§ **Aim of the task**
Print the entries exactly; no image belongs in the copy.

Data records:
* * * * * * *

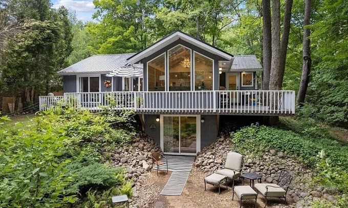 Our two-level home offers a peaceful escape with waterfront access to the picturesque Lake Gay. It is a small, quaint lake covering approximately 10 acres and is 0.3 miles in length. As a motor-free lake, it maintains the utmost tranquility, allowing you to connect more closely with nature. Embark on fun filled kayaking and canoeing trips across its calm waters.
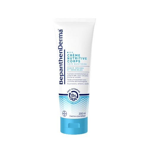 BepanthenDerma Crème Nutritive Corps est un soin quotidien pour les peaux sèches et sensibles. La crème hydrate dès sa première application et durablement (jusqu'à 48 h) pour une peau souple et douce.
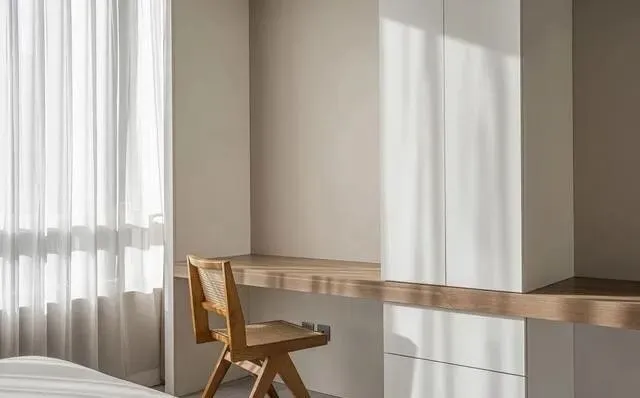 床尾空间也没浪费 , 梳妆台和书桌连在一起 , 中间还加了个储物柜。 化妆、办公、收纳 , 一个区域全搞定。
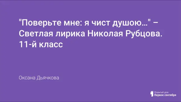 Урок по поэзии Н.Рубцова рассчитан на старшеклассников, так как в нем дается более глубокое освещение творчества поэта, для анализа выбраны стихотворения философского характера, которые раскрывают учащимся мир поэтических образов лирики поэта: свет, звезда, душа. Подборка стихотворений о поэте дает представление о многогранности его творчества, о неразрывной связи поэзии Рубцова с родной землей.
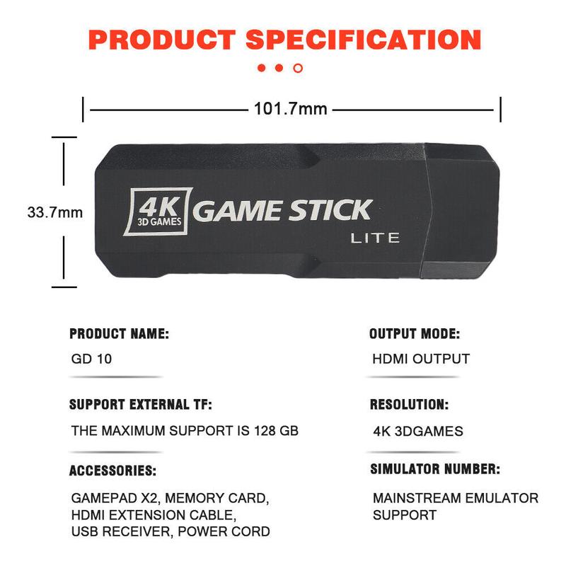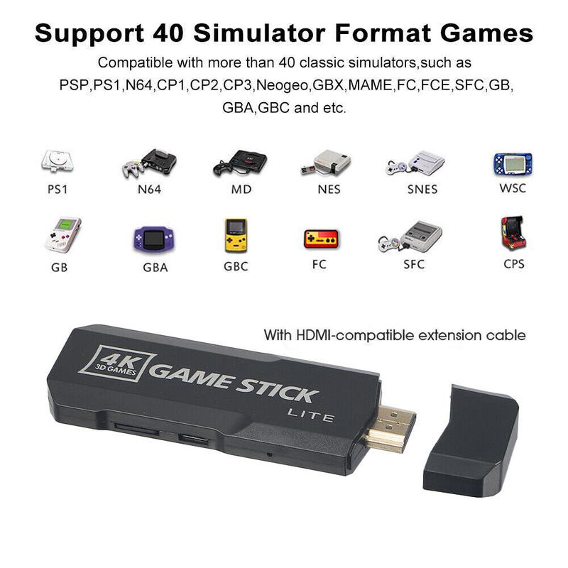 128G 40000 + Games Stick Retro Game Console 4K HD 2.4G Wireless Controller 2024
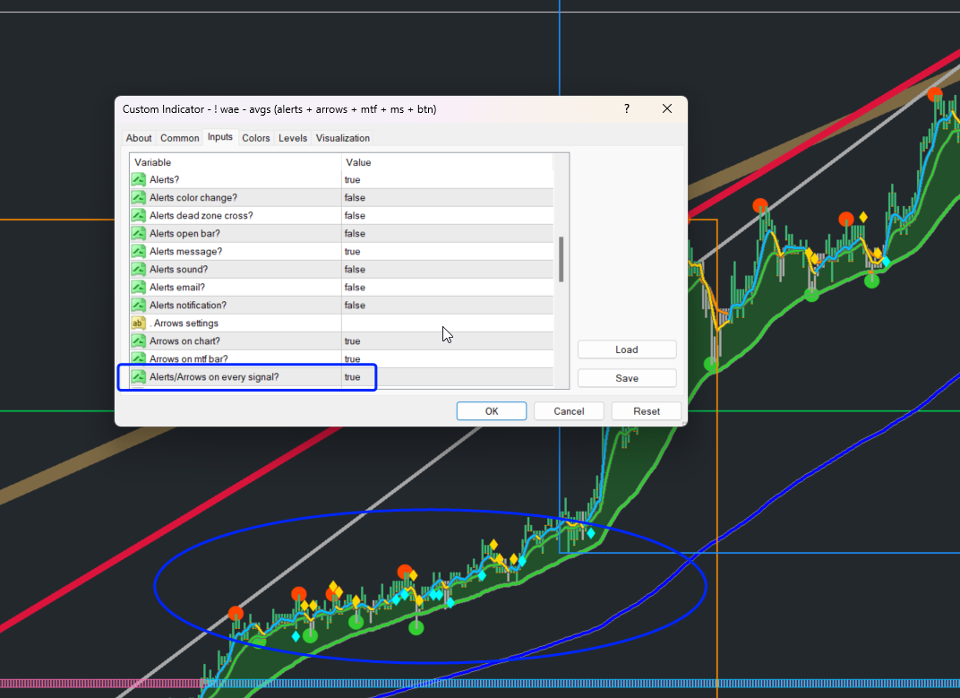 My alert settings are looking like this. I don't get any alert. When I choose Alerts/Arrows on every signal there are almost too many arrows drawn.mrtools wrote: Tue Sep 17, 2024 2:16 am Should alert that way if you change the setting arrOnEverySig to true.
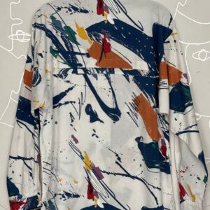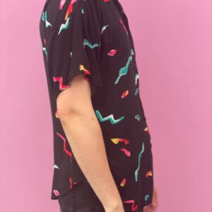 1980S BRIGHT ABSTRACT PRINT SHORT SLEEVE CREW NECK SWEATSHIRT TOP W/ V-CUT HEMMRead more
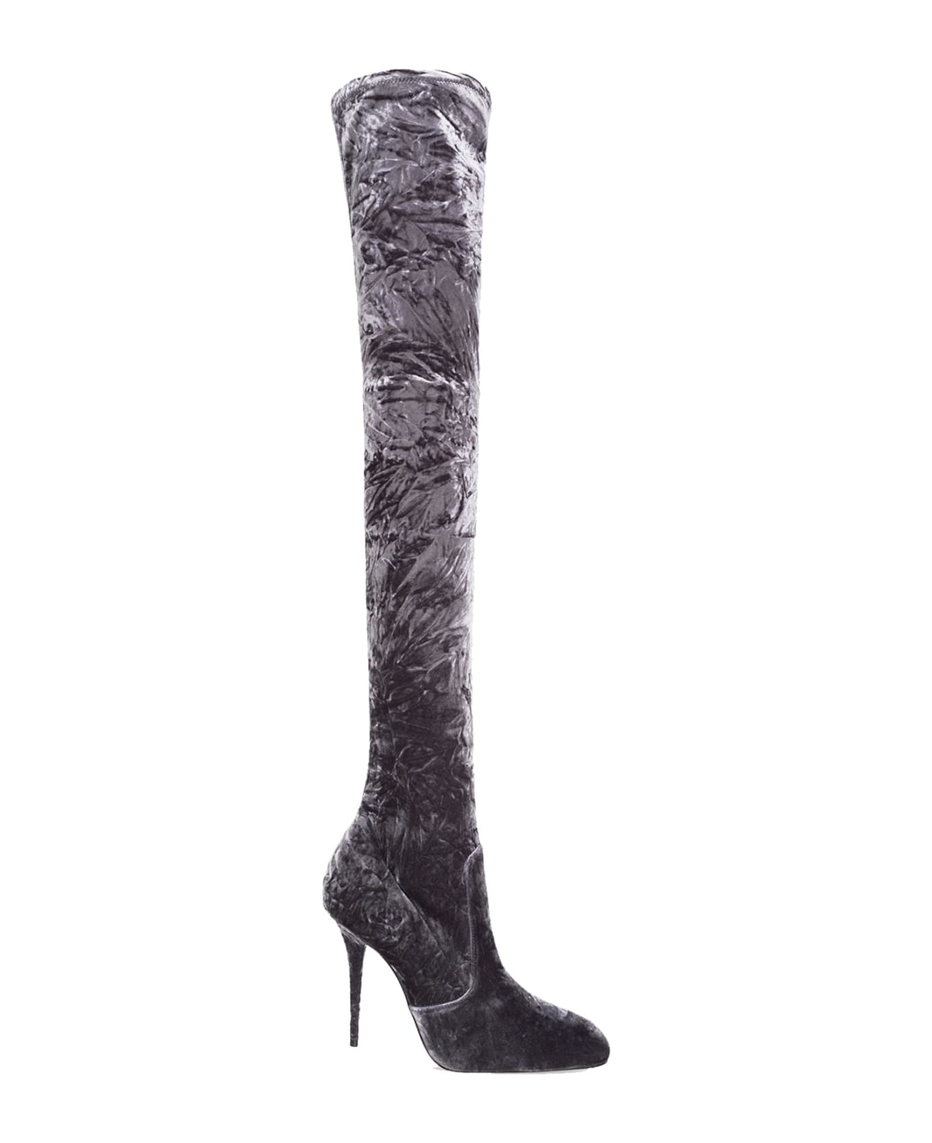 - Composition: 100% texile (velvet) - Fabric lining - Leather insole and sole - Slips on - Heel 10 cm / 3,93 in
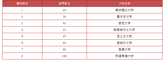 2、中国在世界前100有6所,澳洲世界前100有7所。所以我们可以看到如果你进入澳洲八大就相当于进入了我们的北大、清华。

* * * * * * *

§ **Exercise answer**
 Our two-level home offers a peaceful escape with waterfront access to the picturesque Lake Gay. It is a small, quaint lake covering approximately 10 acres and is 0.3 miles in length. As a motor-free lake, it maintains the utmost tranquility, allowing you to connect more closely with nature. Embark on fun filled kayaking and canoeing trips across its calm waters.
 BepanthenDerma Crème Nutritive Corps est un soin quotidien pour les peaux sèches et sensibles. La crème hydrate dès sa première application et durablement (jusqu'à 48 h) pour une peau souple et douce.
 床尾空间也没浪费 , 梳妆台和书桌连在一起 , 中间还加了个储物柜。 化妆、办公、收纳 , 一个区域全搞定。
 Урок по поэзии Н.Рубцова рассчитан на старшеклассников, так как в нем дается более глубокое освещение творчества поэта, для анализа выбраны стихотворения философского характера, которые раскрывают учащимся мир поэтических образов лирики поэта: свет, звезда, душа. Подборка стихотворений о поэте дает представление о многогранности его творчества, о неразрывной связи поэзии Рубцова с родной землей.
 128G 40000 + Games Stick Retro Game Console 4K HD 2.4G Wireless Controller 2024
 My alert settings are looking like this. I don't get any alert. When I choose Alerts/Arrows on every signal there are almost too many arrows drawn.mrtools wrote: Tue Sep 17, 2024 2:16 am Should alert that way if you change the setting arrOnEverySig to true.
 1980S BRIGHT ABSTRACT PRINT SHORT SLEEVE CREW NECK SWEATSHIRT TOP W/ V-CUT HEMMRead more
 - Composition: 100% texile (velvet) - Fabric lining - Leather insole and sole - Slips on - Heel 10 cm / 3,93 in
 2、中国在世界前100有6所,澳洲世界前100有7所。所以我们可以看到如果你进入澳洲八大就相当于进入了我们的北大、清华。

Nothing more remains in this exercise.